As ações de propaganda na Europa não aparecem nos relató- rios do MAIC e do Povoamento senão de forma indireta por não estar aquela função ali alocada. Ao mesmo tempo em que estava sendo organizado o Povoamento, nos anos de 1907 e 1908, foi organizado o

Serviço de Propaganda e Expansão Econômica no Estrangeiro, ao qual

cabia a função de divulgar o país no continente europeu. Tendo em Paris seu escritório central, esta agência contava ainda com delegados na Alemanha, na Espanha, na Itália, na Suíça e na Áustria.

Sua atividade de propaganda consistiu na montagem de um museu comercial em Paris, onde os visitantes encontravam produtos brasileiros de exportação, informes, estudos e publicações sobre as riquezas do Brasil.

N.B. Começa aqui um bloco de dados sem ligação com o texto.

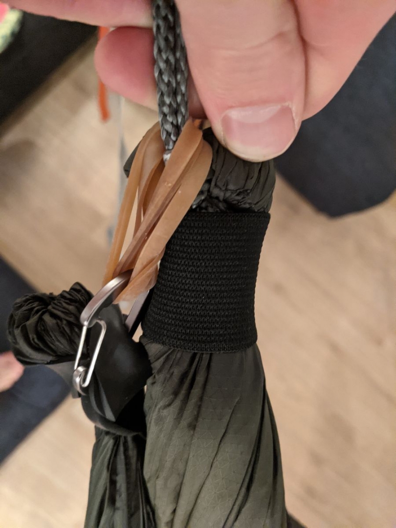 Habe ein Problem in der Kombination wooki XL und Eldorado single layer 40D. Irgendwie kriege ich es nicht hin den wooki aufzuhängen ohne dass das Gummiband den Geist aufgibt. Habe es jetzt behelfsmäßig mit 2 dicken Haushaltsgummis verlängert (s. Bilder) aber eigentlich sollte es doch ohne gehen? Bin für Hinweise auf den Fehler den ich mache dankbar
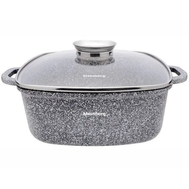 Odlewany, alumioniowy kwadratowy garnek żaroodporny z ceramiczną powłoką marmurkową, umożliwiającą zdrowe gotowanie.

Incluía ainda a remessa de produtos brasileiros para outros museus comerciais na Europa, publicação de textos em várias línguas européias informando sobre a economia, as riquezas naturais e a legislação brasileira,2 e promoção de palestras assim descritas:

Vão produzindo excelentes resultados as conferências públicas feitas por pessoas competentes, em localidades devidamente escolhidas, e acompanhadas de projeções luminosas, representando fatos de nossa terra, experiências dos nossos produtos, demonstrações práticas do seu uso e preparo” (RMIVOP, 1909, p. 179) .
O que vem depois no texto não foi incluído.